Gov. Jesse Ventura
REUTERSGov. Jesse Ventura

Gov. Mark Dayton and the new Legislature face a projected $1.1 billion shortfall in the 2013-2014 budget. I didn’t hear much about this during the recent political campaign, yet it’s the most important issue politicians and policymakers must wrestle with over the coming six months.

The deficit is not due to the recent recession and relatively slow economic growth. Rather, policy decisions and demography work together to create a long-run gap between spending and revenue.

The first culprit is the 1999 budget deal. It’s hard to remember, but the governor and Legislature confronted a very different problem in early 1999 than they do today: how to deal with large and potentially ongoing surpluses.

In May 1999, Gov. Jesse Ventura, House Speaker Steve Sviggum and Senate Majority Leader Roger Moe agreed to a three-part solution. First, income tax rates were reduced across the board. Second, education funding was increased (via increases in the funding formula). Third, part of the surplus was returned to taxpayers via a rebate based on estimated sales taxes paid by families.

This might have been a sensible agreement had there been triggers to rescind the tax cuts and spending increases if the economic forecasts didn’t pan out. But that’s not the way the deal was made. The income tax cuts and spending increases were enacted permanently, implying that if the economy did worse than expected, deficits would be baked into the budget cake permanently as well.

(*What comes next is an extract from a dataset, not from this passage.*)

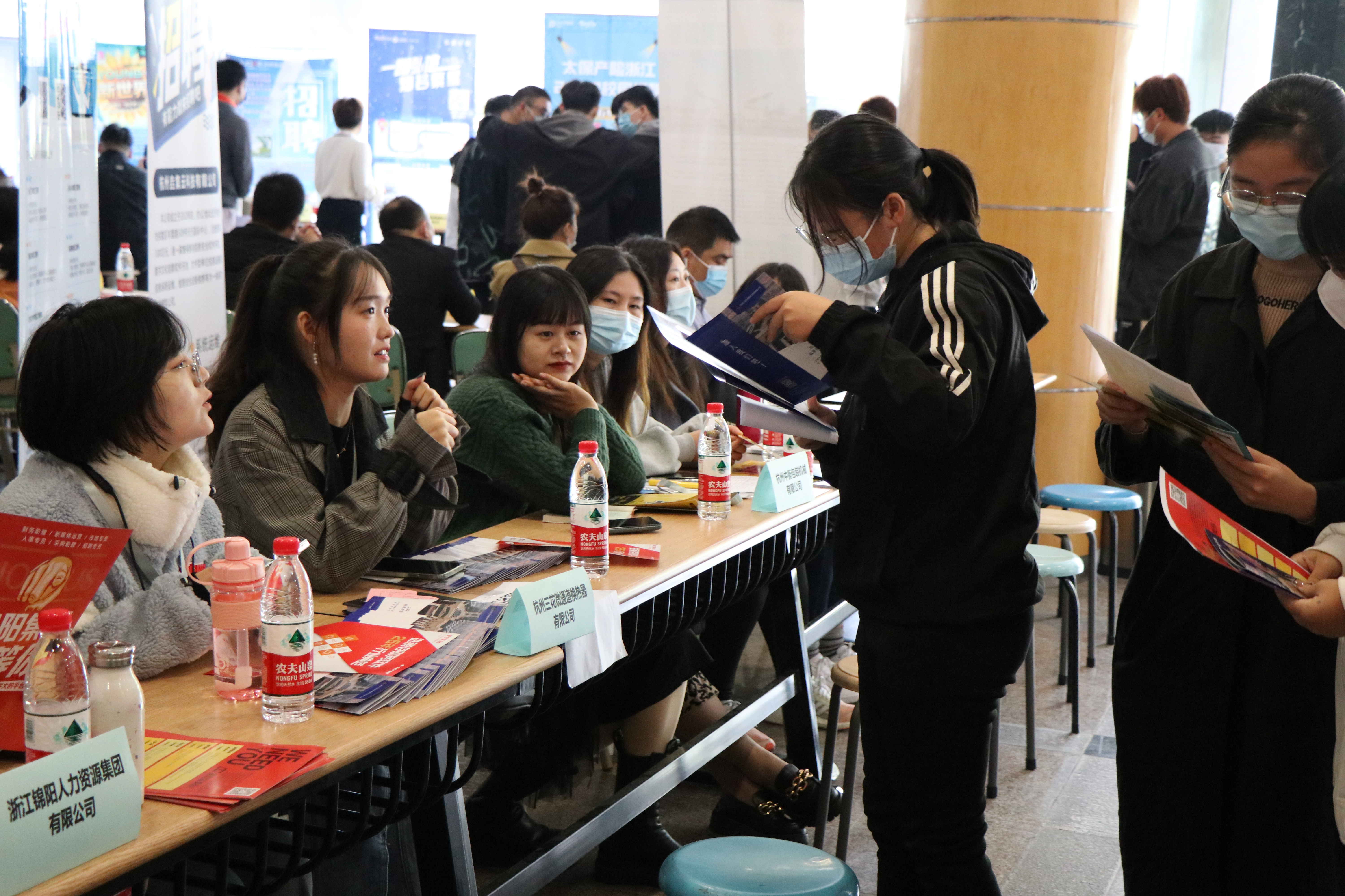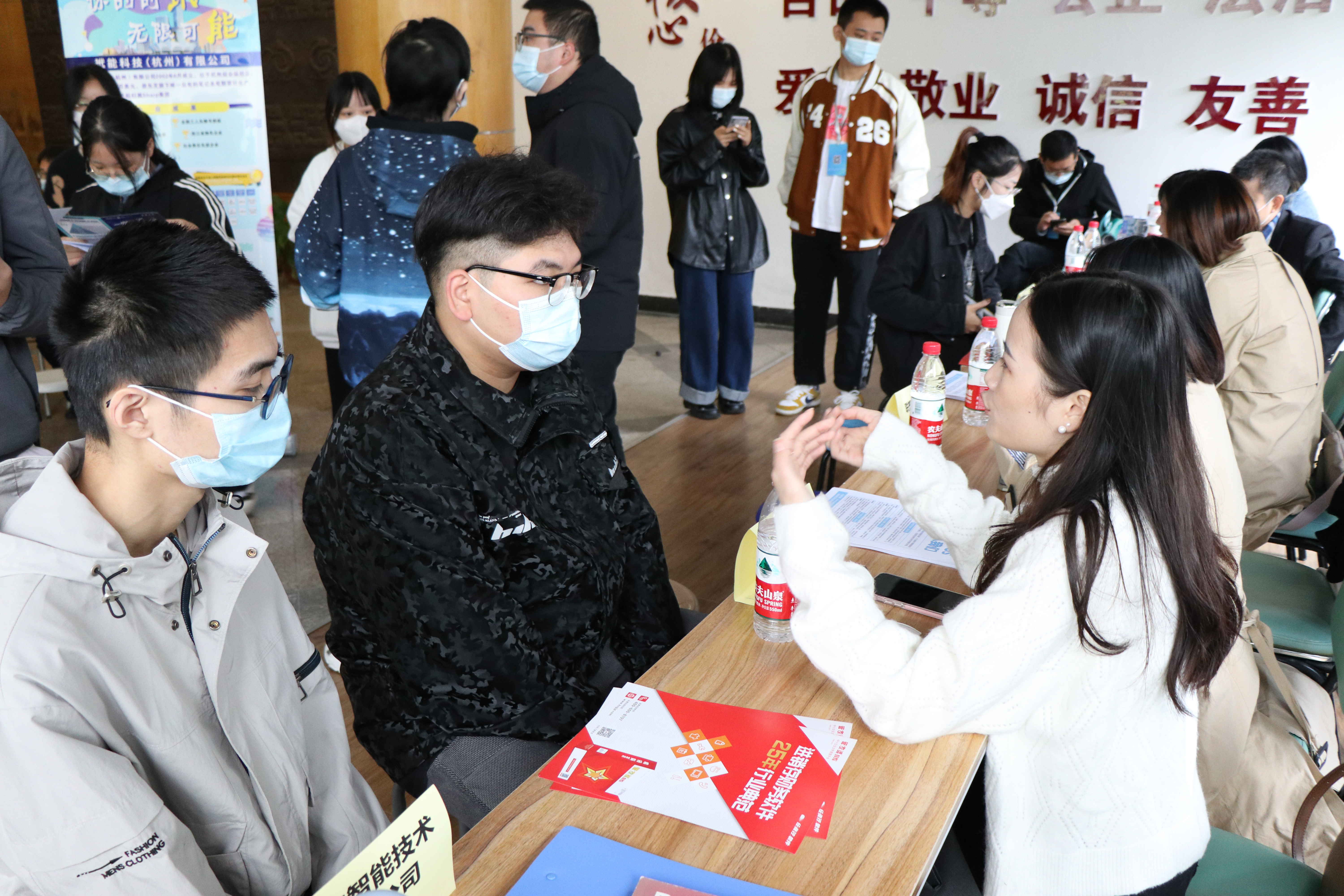 职来职往,金秋时节,又是一年毕业季。为切实做好分院毕业生就业工作,大力构建毕业生与用人单位的交流平台,积极为用人单位输送应用型人才,分院于10月22日在一号报告厅门口的大厅举办了信息技术分院2021年“职场扬帆”校园招聘会!参加此次招聘会的企业有浙江大胜达包装有限公司、玳能科技(杭州)有限公司、杭州恒生聚源信息技术有限公司、硕格智能技术有限公司、中国太平洋财产保险股份有限公司浙江分公司等企业。此次招聘会面向全分院2022届毕业生,32家企业及单位前来招聘,累计提供工作岗位500余个。

The second perpetrator of our structural budget problem is an aging population. The Minnesota State Demographic Center made this very clear in its 2011 report, “The Long Run Has Become the Short Run: Budget Implications of Demographic Change,” as did the 2009 Budget Trends Study Commission report. In particular, state spending on health care will continue to grow as the baby boom moves into retirement, putting increasing pressure on other parts of the budget.

What should we do?

So far, we’ve ignored these problems. The 2011-2012 Legislature started from the premise that tax rates could not change and did nothing to reform the system to increase revenues. This meant that the permanently lower revenue stream created by the 1999 budget deal remained unchanged. The governor and Legislature then patched together budget fixes based on draining endowments (tobacco settlement funds), shifting school funding from one biennium to the next and reducing allotments to higher education.

Gov. Mark Dayton
MinnPost photo by James NordGov. Mark Dayton and the new Legislature face a projected $1.1 billion shortfall in the 2013-2014 budget.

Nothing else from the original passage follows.